Dubai: Privately-owned Dana Gas recorded a steep 59 per cent dip in net profit for 2020, totalling Dh131 million against Dh322 million a year ago.
It was set off by the COVID-19 pandemic, which wiped out demand for oil and gas in 2020, with US crude futures going below zero for the first time in oil market history in April. But Dana Gas officials are thinking ahead.
If impairment charges of Dh1.51 billion related to the sale of its Egypt onshore assets are included, Dana slips into a net loss of Dh1.4 billion.
"Despite the challenges imposed by the pandemic, we exited the year in a robust financial position with a strong balance-sheet, having agreed upon the sale of our Egypt onshore assets, redeeming our outstanding sukuk and entering into a new credit facility at a lower interest rate," said Patrick Allman-Ward, CEO.
“In 2021, we aim to advance the development of our world class assets in KRI (Kurdish Region of Iraq), where over 90 per cent of Dana Gas’s proven reserves of over 1 billion boe (barrel of oil equivalent) are located, while concurrently moving ahead with our plans to prepare for the drilling of the next exploration well in Block 6 in Egypt."
It is also moving ahead on the evaluation of the highly prospective Block 6 in Egypt, where it plans to drill the next exploration well in 2023.

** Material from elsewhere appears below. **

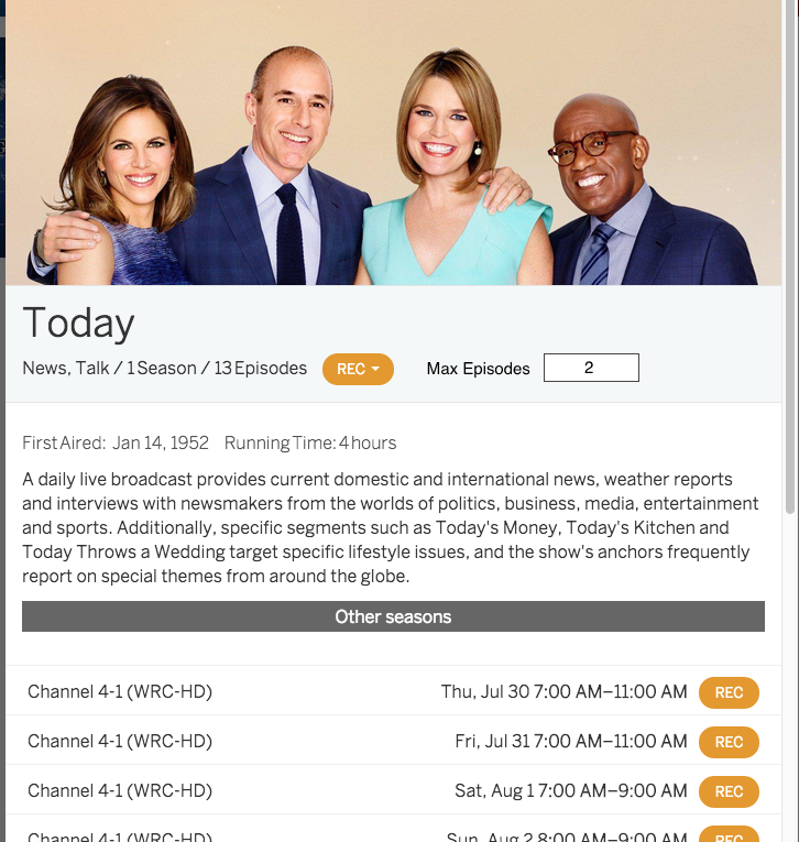 Long time SageTV user here as well. I went through all Sage versions up to the last one and it just kept getting better. The advanced recording screen had just about every option you could want. I think Tablo is ‘several years’ away from all those features. I too find the number of News recordings piling up useless and a task for me to remember to delete them periodically.
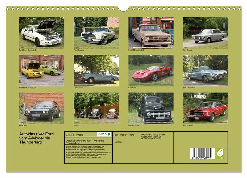 QUALITÄT - Hochwertiger Fotokalender mit 12 wunderschönen Motiven auf lichtbeständigem Bilderdruckpapier, robuste Spiralbindung mit Aufhängebügel.NACHHALTIG - deutliche Abfallreduzierung durch bedarfsgerechte Einzelstückfertigung, umweltfreundliches FSC-zertifiziertes Papier, Produktion in Deutschland, klimabewusste Logistik.PERFEKTES GESCHENK - Kalender für Freunde und Familie, für Kinder und Erwachsene, jung und alt, zu Weihnachten, Geburtstag oder zwischendurch.VIELFALT - Bildkalender in verschiedenen Formaten, z.B. DIN A5, DIN A4, DIN A3 sowie DIN A2. Ob Naturmotiv, Gemälde oder Fotos, ideal für ein persönliches Wohlfühlambiente.Nostalgische Fahrzeuge der Marke Ford von Autor(in): Anja Bagunk

Dana Gas produced 63,200 barrels of oil-equivalent per day in 2020, down 5 per cent from its output in 2019. But it did see a 2 per cent rise in production from its assets in the Kurdistan Region of Iraq and which helped offset output decline from Egypt.
It kept a tight lid on its expenses with its general and administrative costs (G&A) lower by 20 per cent year-on-year. "The company’s robust, long-standing programme to control operating expenses helped to effectively navigate the challenging market environment in 2020," the company said in a statement.